Add to this the rather well-known information about Fallon running a miserable workspace, and you get a very dark portrait of the current state of a formerly sacred late night institution.

Today in wild pieces of pop culture trivia

By now most people who read Heathen are, I’m sure, aware of the SNL trio Please Don’t Destroy, which is comprised of Ben Marshall, John Higgins, and Martin Herlihy. They make jokes about the fact that Higgins and Herlihy are SNL legacies.

Higgins’ father is Steve Higgins, now the longtime announcer on Fallon’s Tonight Show, but previously a writer on SNL. Higgins also cameoed in a Timberlake monologue years ago as an obsessed fan there at the expense of his daughter, which was super funny.

Herlihy’s father is Tim Herlihy, a longtime collaborator of Adam Sandler and former writer-producer on the show. Sandler sketches have sometimes referenced “that Herlihy boy” as an in-joke, which at this point is hilariously ambiguous.

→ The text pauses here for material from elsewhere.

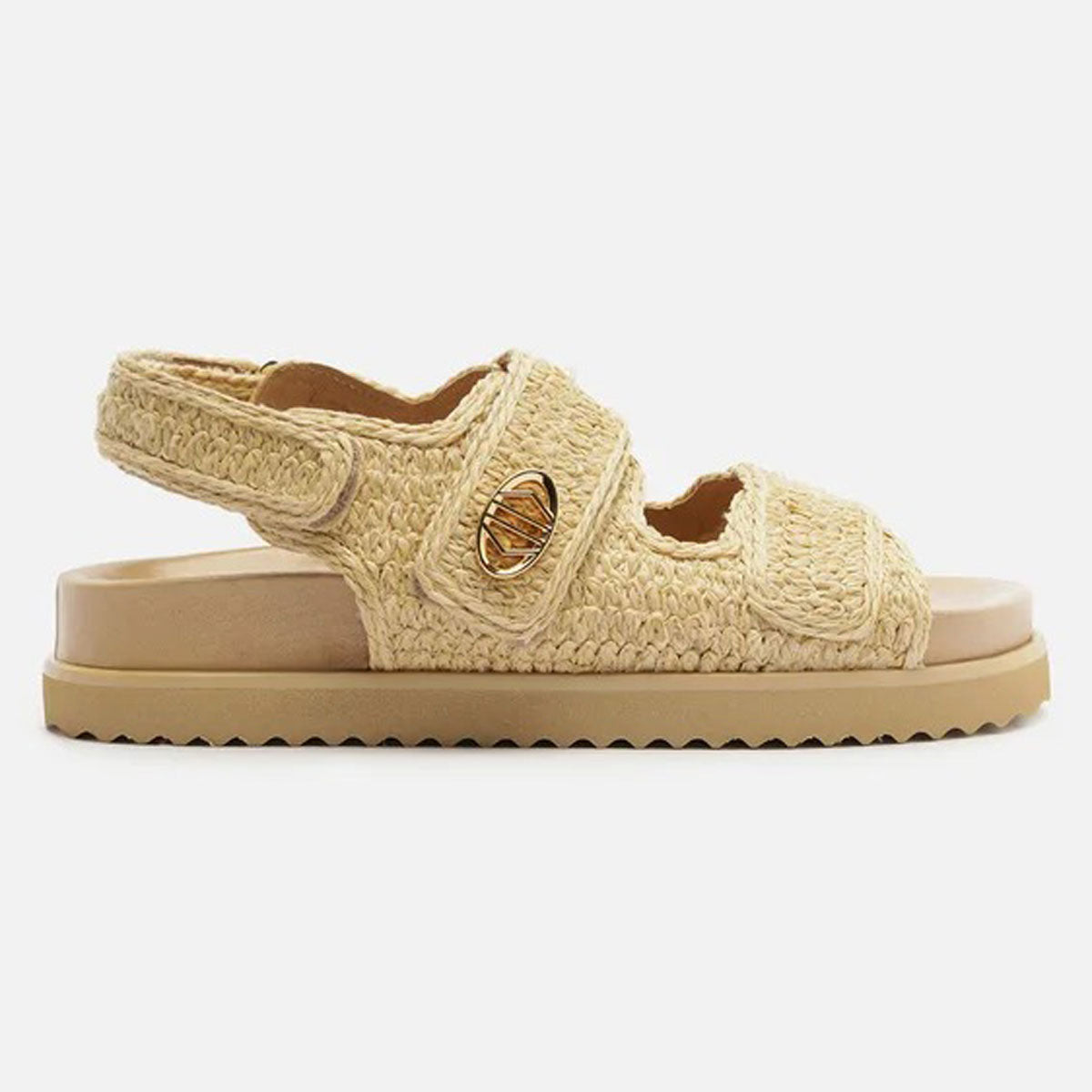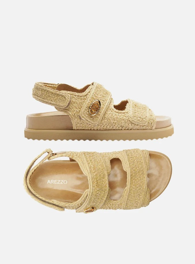 SANDÁLIA PAPETE BEGE BORDADA TRATORADA VELCRO A 13708 0016 0001 AREZZO

Ben Marshall, though, is just a regular guy as noted in this PDD skit with Dakota Johnson about nepo babies.

So, you’d be forgiven for assuming that the SNL kids would’ve known each other for years… and yet NO. In fact, it was Marshall who introduced them to each other when all 3 were at NYU:

The trio met on the NYU comedy scene in 2017; Marshall and Herlihy were enrolled there as film students, while Higgins majored in acting and English. It was Marshall who first introduced Herlihy to Higgins, sensing the two shared a comic sensibility. Unbeknownst to him, they shared more than that — both Herlihy and Higgins are the sons of SNL writing legends.

How’d it come up? Like was it, “oh, what’s your dad do?” “Oh, he worked at SNL” “NO WAY!”